Его расспросы сводились к тому, что он вынуждал генерального секретаря говорить о трех различных своих ипостасях. Сначала был Иосиф Джугашвили, робкий семинарист с оспинами на лице из Тбилиси; потом народный герой Коба, идеалист, мечтавший о лучшей жизни; и наконец стальной человек Сталин. У Новгерода Мандельштима было одно робкое предположение, что именно ребенок Джугашвили, просочившийся каким-то образом наружу, пытался увести Сталина с того пути убийств, на который он встал. Мандельштим и раньше задумывался, не является ли это причиной того, что и сам он всегда называл генерального секретаря Кобой, обращаясь к толу самому идеалисту, каким тот был до бакинской революции. Мандельштим воображал, что пытается разговаривать со средней ипостасью и играть роль судьи в схватке между ребенком и чудовищем.

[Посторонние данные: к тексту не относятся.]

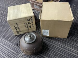 事務所への持ち込み買取にて、 九谷焼 清閑 煎茶器揃 ・ 備前焼 宝瓶など 茶道具・そのほかいろいろ、買取させていただきました!

Еще во время первых сеансов, когда он спрашивал Сталина о жизни Джугашвили и Кобы, тот признавался в том, что плохо помнит это время. И хотя он держал в памяти структуры всех комитетов, подкомитетов и управлений раскинувшихся щупалец Коммунистической партии, он не мог вспомнить, куда он ходил в школу, как звали его собаку, когда он был маленьким, и первого человека, которого убил Коба, — уж не был ли тот коротышкой с черными усами? Поэтому Мандельштим снова начал расспрашивать Сталина, чтобы возродить его воспоминания о детстве в Гори. Поначалу это вызвало у него обычную отрадную неловкость, но затем он воскликнул:
— Антон! Его звали Антон!
— Кого звали Антон? — поинтересовался Мандельштим.
— Моего пса в Гори звали Антоном, — ответил Сталин и расплылся в жуткой улыбке.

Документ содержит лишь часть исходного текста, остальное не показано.